Тенор выглядел измождённым, под глазами набрякли мешки, щёки ввалились. Он весь дрожал – не то от промозглой погоды, не то от нервного напряжения и страха. От него несло немытым телом и дешёвым табаком, хотя сам он сроду не курил.

– Видит Бог, я сам не понимаю, что происходит. Но меня преследуют, а мне, веришь ли, теперь и идти-то больше не к кому, кроме тебя…

– За тобой гонятся? – недоверчиво переспросил стихоплёт: где-то в глубине глаз Тео поблёскивали тоскливые огоньки сумасшествия. – Кто? Зачем?

– Если б я это знал! Хотя… Понимаешь… У меня есть кое-какие подозрения, но, боюсь, ты мне не поверишь…

Патрик остановил его.

– Погоди. Чего ради мы будем стоять на ветру, когда можно подняться ко мне в кабинет? Ты, должно быть, голоден…

Певец, забыв о приличиях, бесцеремонно и даже как-то испуганно отмахнулся от его предложения.

– Я зверски голоден, но не стану к тебе заходить. Мне нужно как можно скорее покинуть город, убраться из этой страны – и может, тогда меня оставят в покое. Позавчера я у тебя был и не застал. Мне уже тогда казалось, что что-то неладно, но самое главное случилось потом, ночью…

– Что же это было?

Тео схватил Патрика за руку.

– Меня пытались похитить! Какие-то люди… Их и описать-то трудно: это не гвардейцы и не Тайный комитет. Возможно, чьи-то слуги, хотя выглядят слишком холёными. Я увидел их в окно, и они мне с первого взгляда не понравились. Вот я и не стал к ним выходить, а спрятался за дверью и слушал, как они говорили с хозяйкой. Та ко мне всегда была добра, храни её Господь: накинулась на них, будто наседка, которую согнали с гнезда! А они вели себя так, словно действуют по приказу самого герцога, мир его праху. По их словам выходило, что им велено доставить меня в Судейскую коллегию. Это было враньё – они не имеют никакого отношения к суду, уж я-то знаю: в последнее время мне часто приходилось отираться в коридорах местной Фемиды. Они не приставы, не конвойные, у них не было никаких бумаг… Словом, я вылез в окно и убежал. Ночевал в кабаках, днём прятался, где только мог. А нынче меня понесло домой: я решил, что надо поскорее уносить ноги, и хотел прихватить деньги из тайника. Так вот, они, оказывается, всё это время следили за домом и ждали меня…

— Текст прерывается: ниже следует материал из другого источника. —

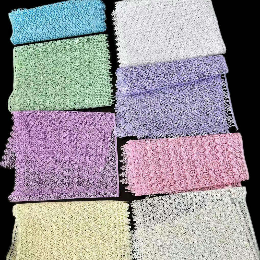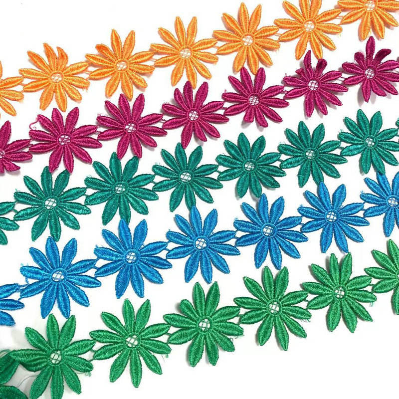 Lása bróidnéireachta lása polyester saincheaptha lása il-dhath déanta as ábhar poileistir ardcháilíochta, le ceardaíocht bróidnéireachta mhín, tá dathanna saibhre agus leithead inchoigeartaithe ann. Tá sé oiriúnach do mhaisiú éadaí ban, éadaí leanaí agus míreanna tí
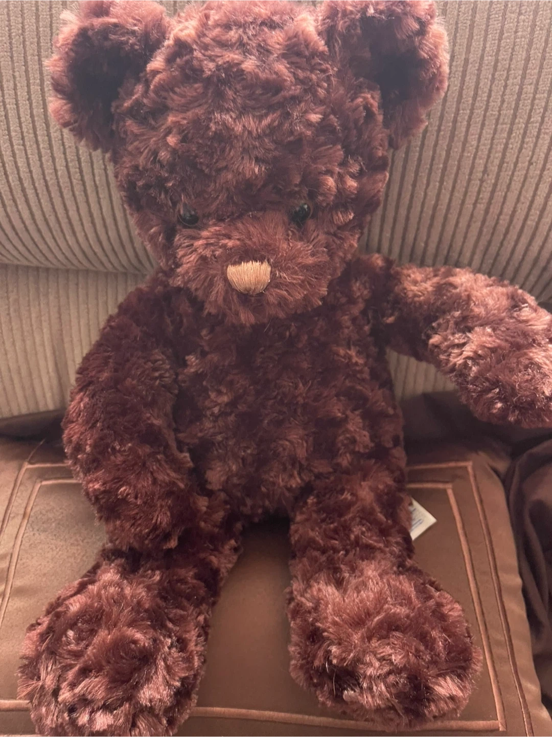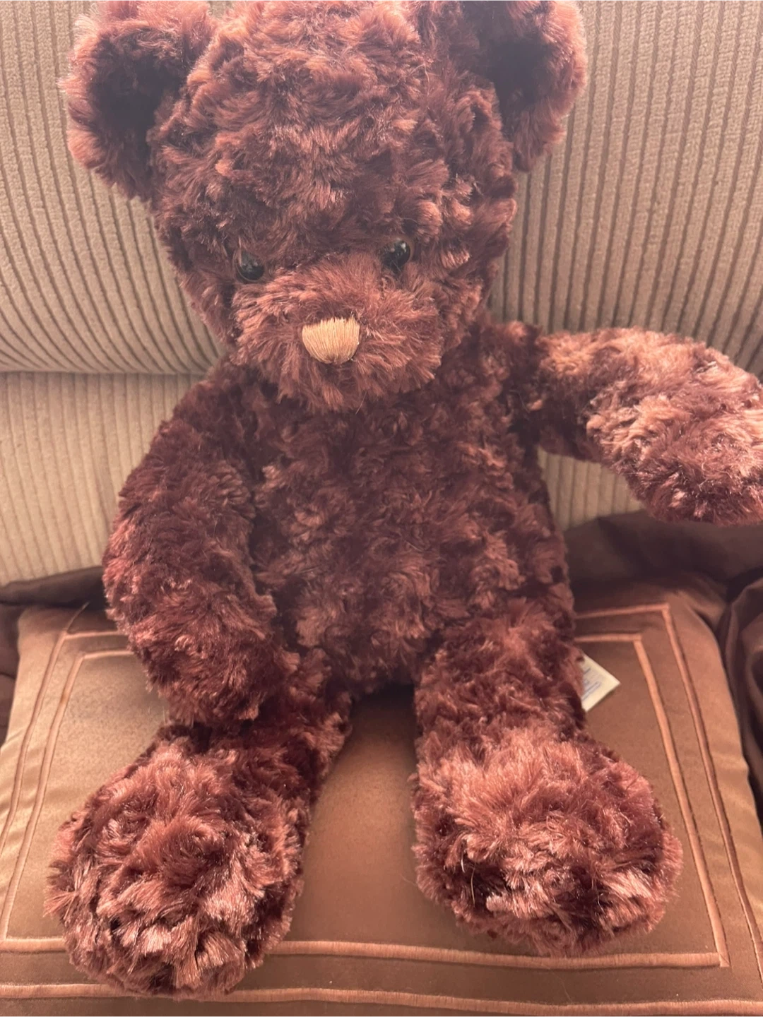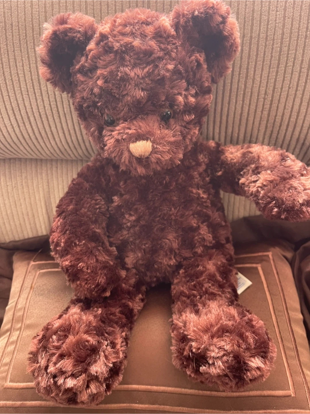 A cuddly chocolate brown Build-A-Bear teddy bear, ready for a new home! This plush friend is in great condition and looking for someone to share lots of hugs with!

– Но ведь ты не сделал ничего плохого? – перебил его стихотворец. – Может быть, вместо того, чтобы скрываться, тебе стоило выяснить, что им нужно и нет ли тут ошибки?

Тео горько рассмеялся.

– Ты их не видел, дружище! От них несёт чем-то таким… безжалостным. И – сумасшедшим, что ли… Они вроде фабричных машин, которым всё равно, что перемалывать: дерево, железо, живую плоть… И ещё: мне кажется, всё дело в той опере…

Патрик вздрогнул.

– Это ты о чём?

– Об "Оливии и Смерти".

Откуда-то потянуло холодом – словно повеял ветер из прошлого, из могильного далека, где пребывали уже некоторые участники того действа.

– Причём здесь "Оливия"? Это было десять лет назад, и герцог почти сразу запретил её.

Тео устало покачал головой.

– Не знаю я, причём. Но один из этих парней, когда ругался с хозяйкой, обронил, что, мол, десять лет назад я избежал суда, а теперь пришло время расплачиваться… Помнишь, тогда нам и впрямь грозили судебным разбирательством, но Оттон, – спаси, Господи, его душу! – замял дело? Тот суд был единственным, к какому мы в то время имели отношение.

– Ты прав, единственным…

Это казалось почти мистическим: события десятилетней давности вплетались в нынешнюю жизнь странным, трагическим мотивом иллюзорности бытия. Время вдруг перестало быть сверкающей, вечно стремящейся в будущее стрелой, оно ложилось слоями, как краска на холст неведомого художника, и из-под свинцовых белил тумана, скрывавшего судьбы, проступало алое, чёрное, золотое…

– Но кто? Боже мой, кому это может быть нужно теперь?

– Не знаю, – повторил Тео. – Но я подумал: может быть, Магде повезло, что её уже нет в живых. Мне кажется, они скоро придут и к тебе. Давай уедем вместе! Они не достанут нас за границей, они сильны только здесь, рядом с тем, кто их послал. Ведь уехал же Гунтер…

– Что тебе известно о нём? – невесело усмехнулся поэт. – Жив ли он до сих пор? Как можем мы быть уверены в том, что для этих демонов вообще существуют какие-то пределы?

Тео пожал плечами.

– Как знаешь. Но сидеть и ждать их прихода – глупо. Бежим, друг, бежим отсюда! Оттон мёртв, ты остался без защиты и, скорее всего, без куска хлеба. Ты никому больше ничем не обязан. Зачем тебе оставаться?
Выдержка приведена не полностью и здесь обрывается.